Segment Start: The data

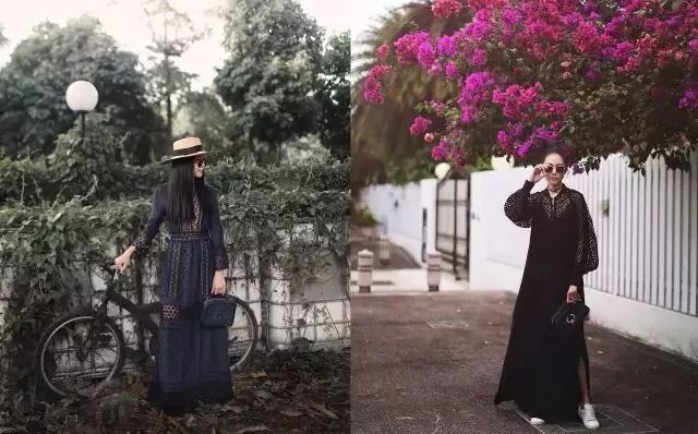 在选择长裙的时候还可以有心机的选有开叉的款式,若隐若现的长腿还能制造一点小性感▼
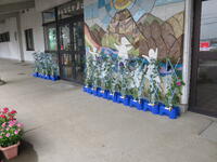 昇降口の外では、「緑を守り隊」でコミスクの方と一緒に植えた、プランターのお花でお出迎えします。
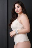 This plus size bodysuit features a stretchy knit, v-neckline with a strap accent, sleeveless construction, adjustable spaghetti shoulder straps, and snap button closures at brief bottom. Accessory sold separately. 65% Nylon, 35% Rayon.
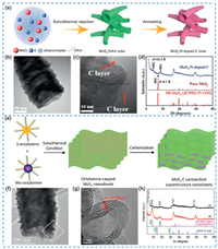 | Fig. 6. (a) Synthesis process of the porous MoS2/N-doped-C nanotube. (b, c) TEM and HRTEM image of the porous MoS2/N-doped-C nanotube. (d) XRD patterns of pure MoS2 and MoS2/N-doped-C nanotubes. Reproduced with permission [49]. Copyright 2018, Wiley-VCH Verlag GmbH & Co. KGaA, Weinheim. (e) Schematic diagram of the preparation process of MoS2:C superstructure nanosheets. (f) TEM and (g) HRTEM images of the MoS2:C superstructure nanotubes after post thermal treatment. (h) XRD patterns of (ⅰ) the as-prepared MoS2:C nanotubes and (ⅱ) the annealed MoS2:C nanotubes. Reproduced with permission [98]. Copyright 2016, Elsevier Ltd. | |
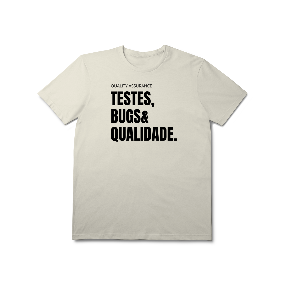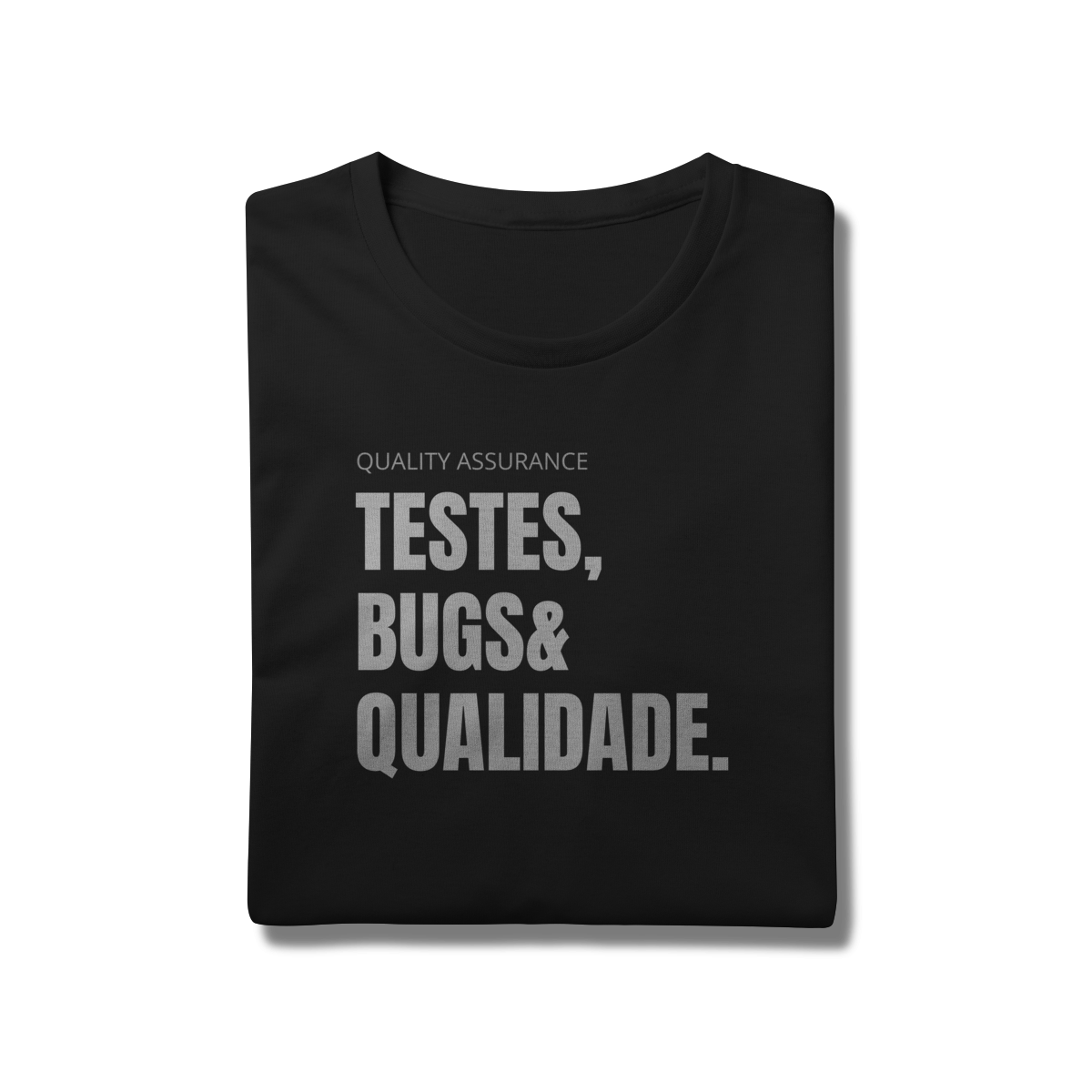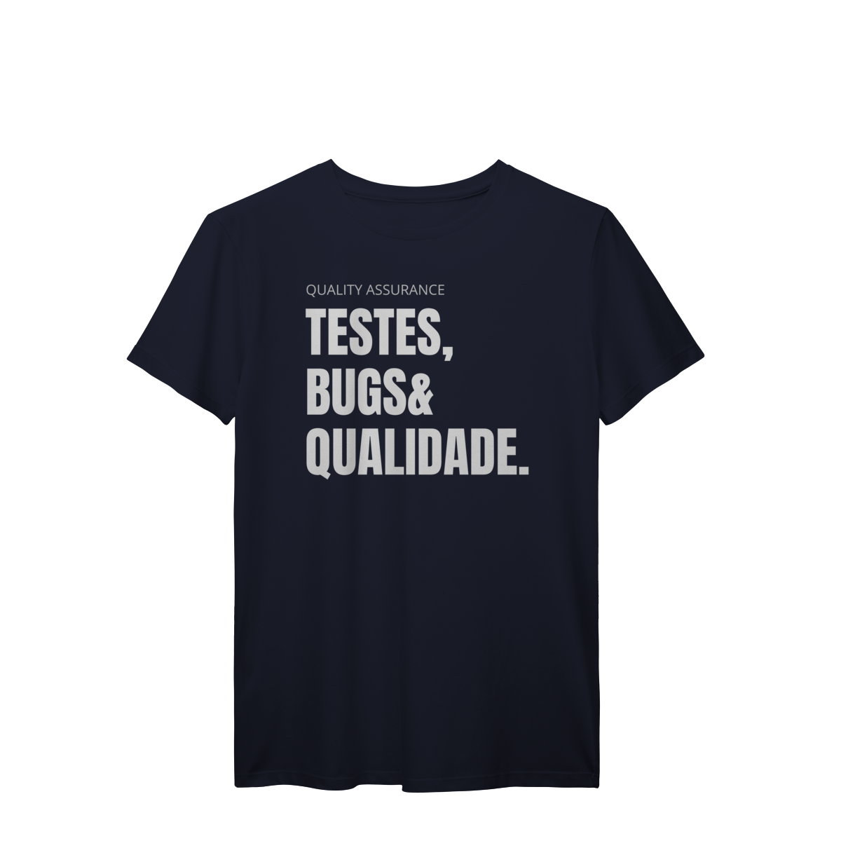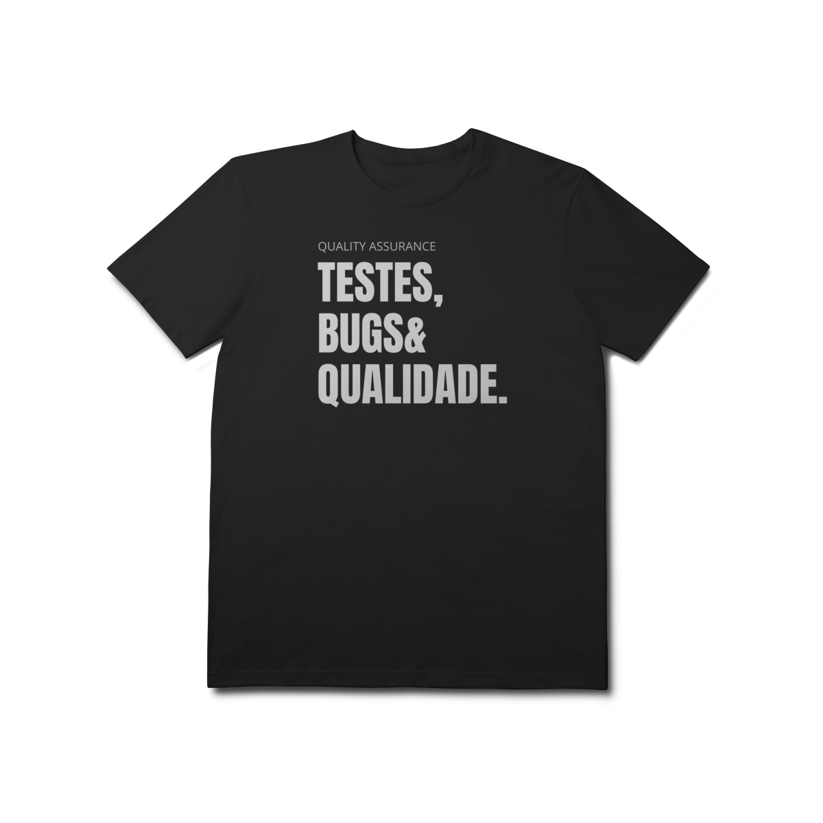 Com o design “Testes, Bugs & Qualidade”, essa peça celebra o trio que define o dia a dia de qualquer QA — do júnior ao sênior.

Segment End: The data

* **Problem details**:
Everything from the line containing "昇降口の外では、「緑を守り隊" through the last line of the listing above must be output exactly, except the pictures.

* **Solution to this exercise**:
 昇降口の外では、「緑を守り隊」でコミスクの方と一緒に植えた、プランターのお花でお出迎えします。
 This plus size bodysuit features a stretchy knit, v-neckline with a strap accent, sleeveless construction, adjustable spaghetti shoulder straps, and snap button closures at brief bottom. Accessory sold separately. 65% Nylon, 35% Rayon.
 | Fig. 6. (a) Synthesis process of the porous MoS2/N-doped-C nanotube. (b, c) TEM and HRTEM image of the porous MoS2/N-doped-C nanotube. (d) XRD patterns of pure MoS2 and MoS2/N-doped-C nanotubes. Reproduced with permission [49]. Copyright 2018, Wiley-VCH Verlag GmbH & Co. KGaA, Weinheim. (e) Schematic diagram of the preparation process of MoS2:C superstructure nanosheets. (f) TEM and (g) HRTEM images of the MoS2:C superstructure nanotubes after post thermal treatment. (h) XRD patterns of (ⅰ) the as-prepared MoS2:C nanotubes and (ⅱ) the annealed MoS2:C nanotubes. Reproduced with permission [98]. Copyright 2016, Elsevier Ltd. | |
 Com o design “Testes, Bugs & Qualidade”, essa peça celebra o trio que define o dia a dia de qualquer QA — do júnior ao sênior.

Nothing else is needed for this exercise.